● Available data:
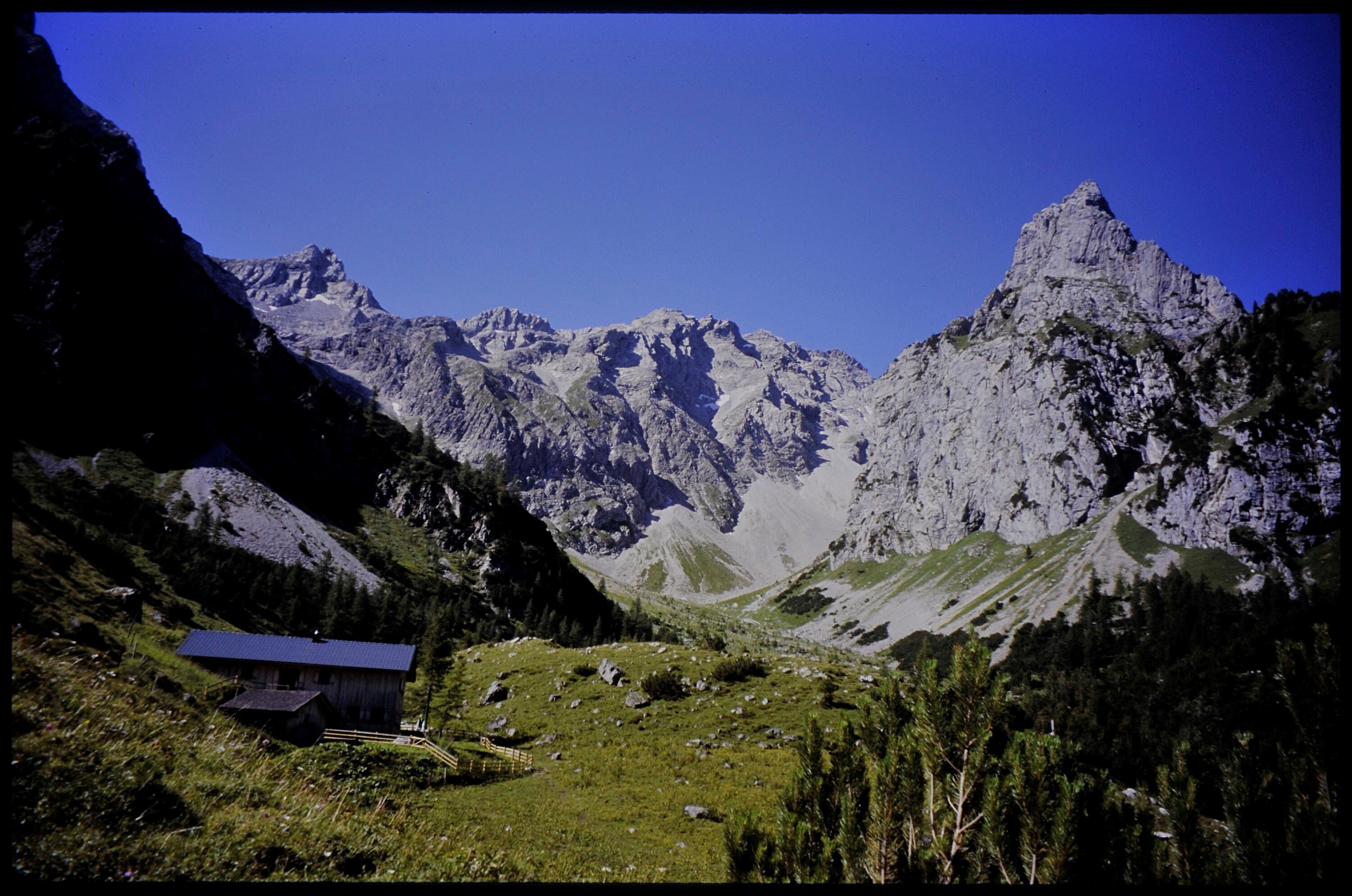 [Bürs] Sarotlahütte, 1611 m des ÖAV Rätikon - Vorarlberg : [Sarotlahütte des ÖAV, 1611 m, gegen Eisernes Törle, Zimba 2643 m und Hüttenstube, Rätikon Vorarlberg, Österreich ...]
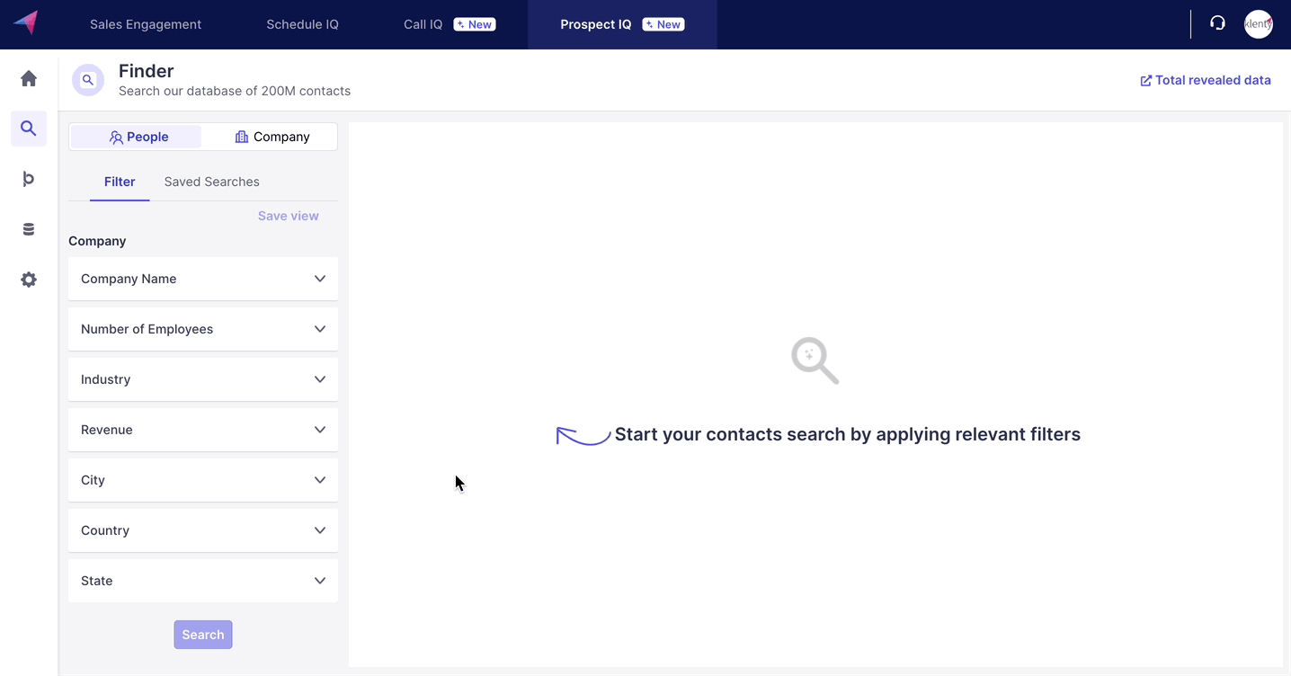 You can search your leads based on different Filters available in Prospect IQ. You can start with a broader search for individual People or Companies and use filters to narrow down.
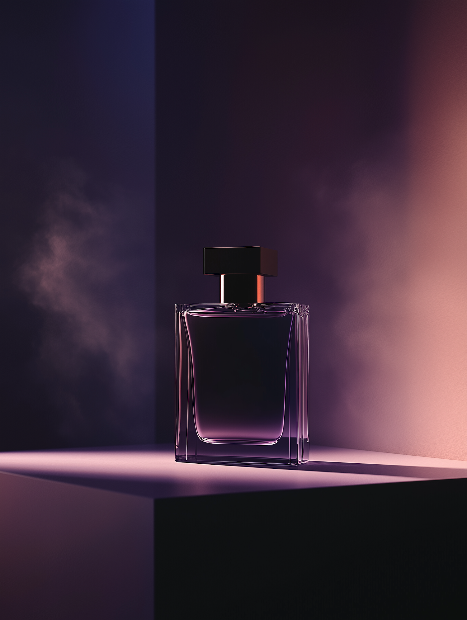 Elegant perfume bottle with a deep purple hue, dramatic lighting, and smoky background, perfect for luxury and sophistication lovers.

● Exercise brief:
Could you copy each line above exactly as written, minus any pictures?

● Finished exercise:
 [Bürs] Sarotlahütte, 1611 m des ÖAV Rätikon - Vorarlberg : [Sarotlahütte des ÖAV, 1611 m, gegen Eisernes Törle, Zimba 2643 m und Hüttenstube, Rätikon Vorarlberg, Österreich ...]
 You can search your leads based on different Filters available in Prospect IQ. You can start with a broader search for individual People or Companies and use filters to narrow down.
 Elegant perfume bottle with a deep purple hue, dramatic lighting, and smoky background, perfect for luxury and sophistication lovers.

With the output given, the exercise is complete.